As mentioned above, Nic Cage isn't his usual hyperactive self in Con Air, but he does decide to go all Foghorn Leghorn on the role. His goofy Southern accent is shades of H.I. from Raising Arizona, but significantly less nuanced, emphasis on significantly. However, accent aside, his turn as Poe is one of his best. He is a sympathetic hero who treads the line to get the job done, even flinching when required to kill someone. It's refreshing to see Cage restrain himself; it wouldn't make sense when he's intended to be the sane one. 

The rest of the cast is made up of some of Hollywood's best character actors including one of my favorites, John Cusack. He is his usual smarmy self as the smart alec Larkin, telling Colm Meany on multiple occasions to "stick it up [his] ass" with a smile. It's a little disappointing that Cusack and Cage don't get much screen time together, but when they do, it's a combination that immediately makes sense. John Malkovich doesn't chew the scenery; he downright devours it as the sadistic Grissom. He echoes Dennis Hopper in Speed with his level of calculated insanity but goes one step further with some memorable quips. 

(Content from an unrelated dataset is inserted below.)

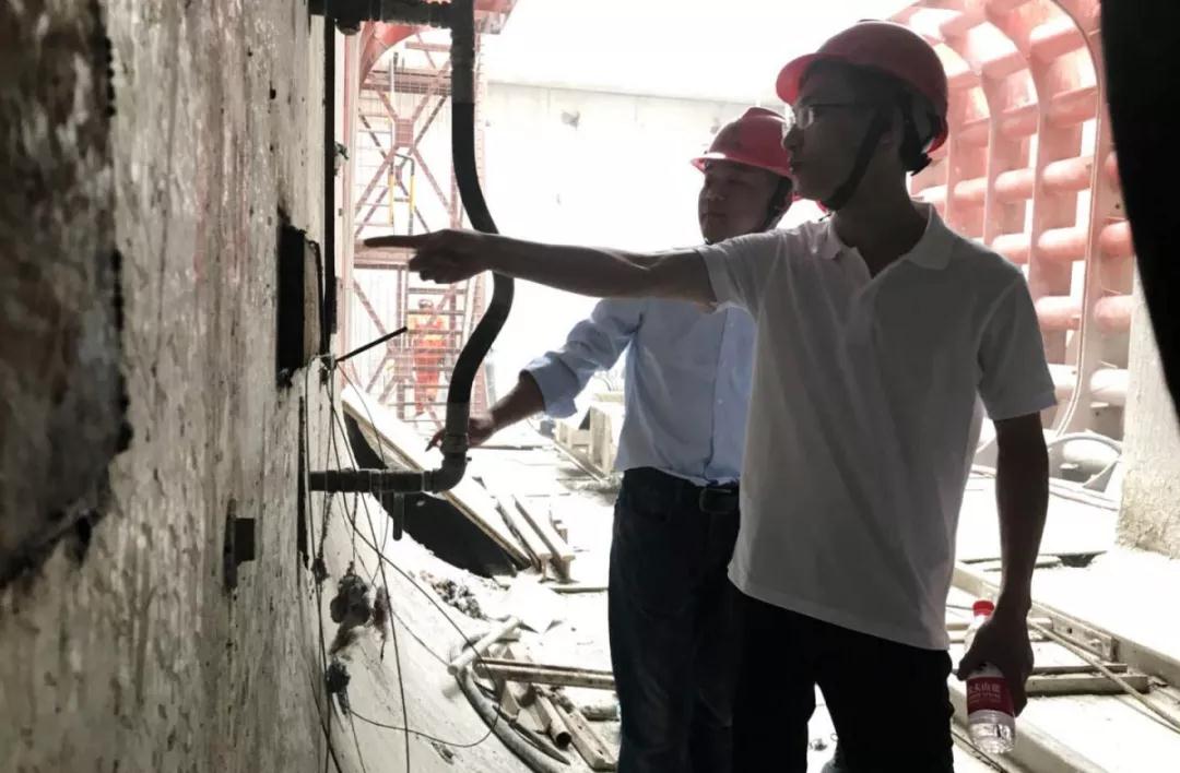 徐總與項目負責人張國宏一起下到現場,對現場的安全文明進行查看并指出改進的地方,項目負責人張國宏向徐總匯報了項目中遇到的難點及項目部如何妥善地處理并解決困難。

With Danny Trejo, Ving Rhames, Dave Chappelle, and Steve Buscemi rounding out the cast, there is nary a un-entertaining moment in the film. From Buscemi as a serial killer whose BDSM-esque shackles that would make Hannibal Lecter blush, to Trejo as a self-admitted serial rapist, it's the cast of bad guys that Suicide Squad could only begin to dream about. 

Along with the cast, the action is terrific even if it feels like a spiritual successor to the aforementioned Speed. The best parts don't take place on the plane, however, but instead on several landings. The set piece at the Lerner Airfield is the real standout of the film and a genuinely impressive feat of technical filmmaking. That's not to say the in-air sequences aren't exciting, but, as with other vehicle-based movies, you can only do so much on a plane/boat/train/bus.

Action films like Con Air just aren't made anymore, especially with the number of practical effects and stunt work that they pull off. It's a shame because it's a perfect time for the long-desired sequel to Con Air. Cage's rocking mullet and a quippy Cusack are just what we need to help defuse all of that politically-charged tension that has our country in a bind. If not a sequel, then the original will suffice, and will continue to stand as a testament to the power of a restrained Cage and an entertaining cast of bad guys.